Decades ago, two teams did reach Super Bowls that were played in their home markets, but not in their home stadiums. The 1979 Los Angeles Rams played in Super Bowl XIV at Rose Bowl Stadium in Pasadena, Calif., and the 1984 San Francisco 49ers played in Super Bowl XIX at Stanford Stadium in Stanford, Calif.
The Minnesota Vikings came within one win of playing in last season’s Super Bowl in their home venue, U.S. Bank Stadium, but they lost at Philadelphia in the NFC Championship game. The Vikings were the first team to even reach a conference title game in the season its stadium hosted the Super Bowl.

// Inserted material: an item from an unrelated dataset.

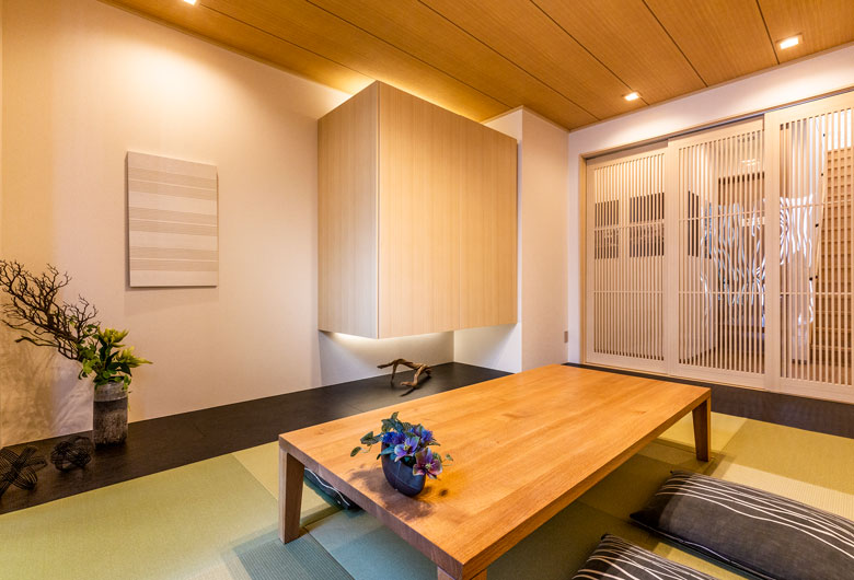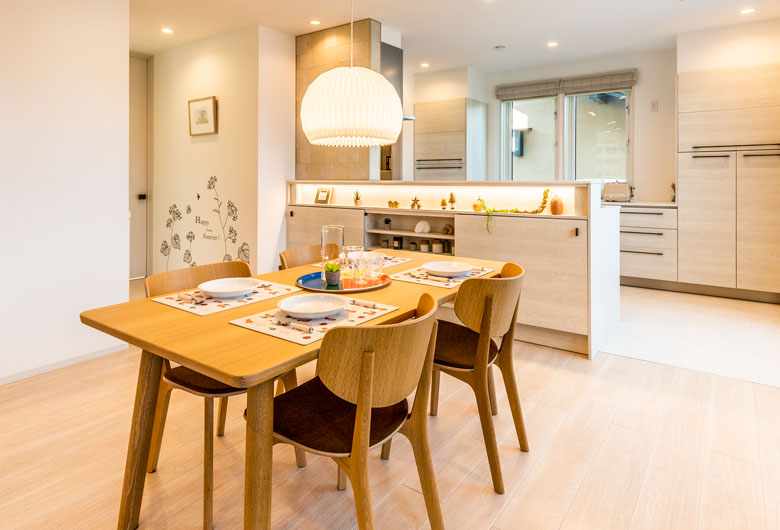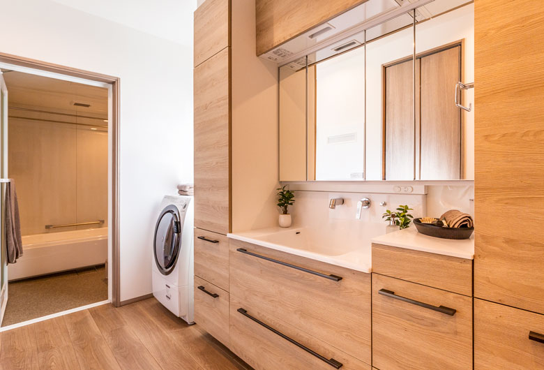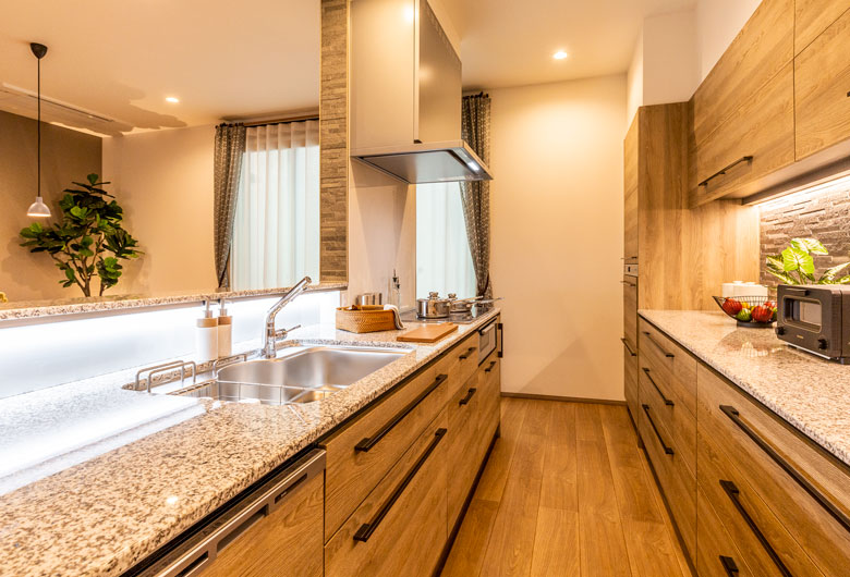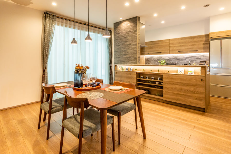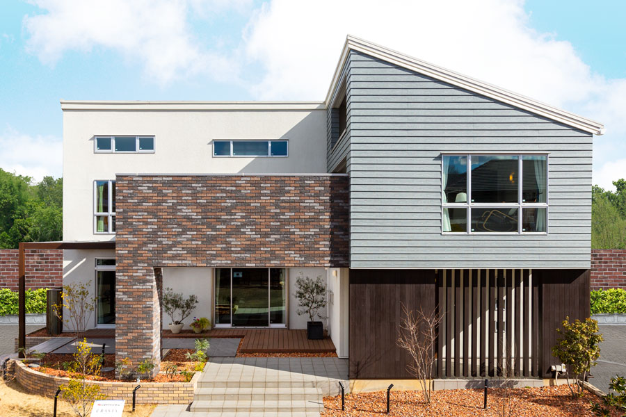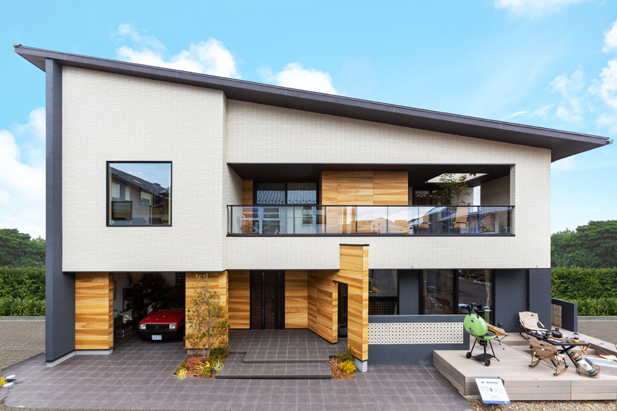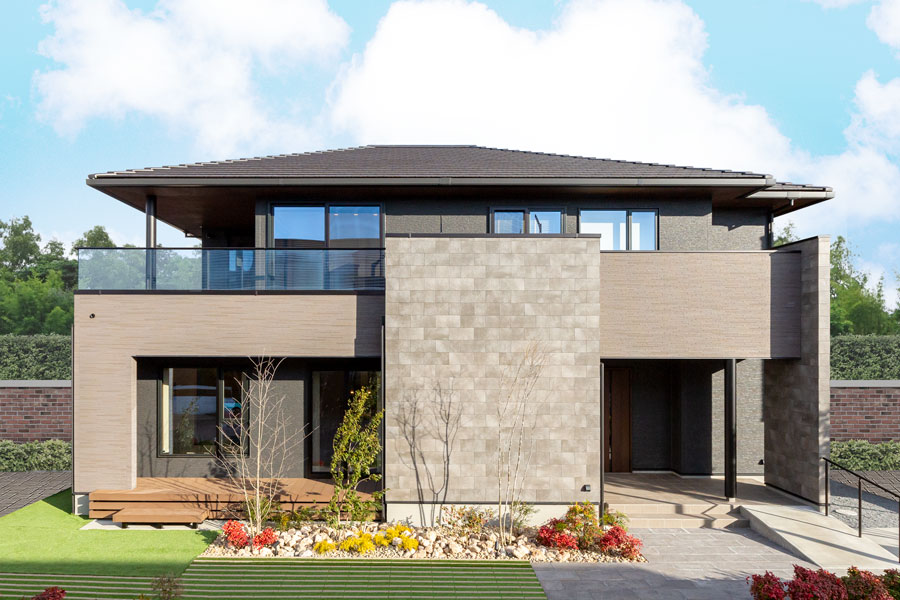 選べる4つのインテリアスタイルを軸に、理想の空間を叶える「グラン・セゾン」。全面タイル外壁にアクセントを添えるパラペットルーフやルーバーなど、エクステリアも圧倒的な存在感を放ちます。さらに、この商品のためにデザイン・設計された、キッチンやドレッサー、収納などの数々の住宅設備は、まさに“機能美”を体現したもの。一条の性能と上質なデザインが融合した、“ここに住む喜び”を存分に感じられる邸宅です。

The groundbreaking ceremony Blank attended Wednesday was for a $2 million renovation of a neighborhood park as a lasting legacy of Super Bowl LIII here.
The renovation of John F. Kennedy Park, located about a mile from Mercedes-Benz Stadium, will be funded by contributions from the NFL Foundation and the Arthur M. Blank Family Foundation and by ticket proceeds from an open-to-the-public Falcons practice held last month.
Blank said the park renovation – see details here -- is an example that the Super Bowl “will touch Atlanta in many, many different ways.”
And in even more ways if the Falcons make history by reaching the ultimate game at home.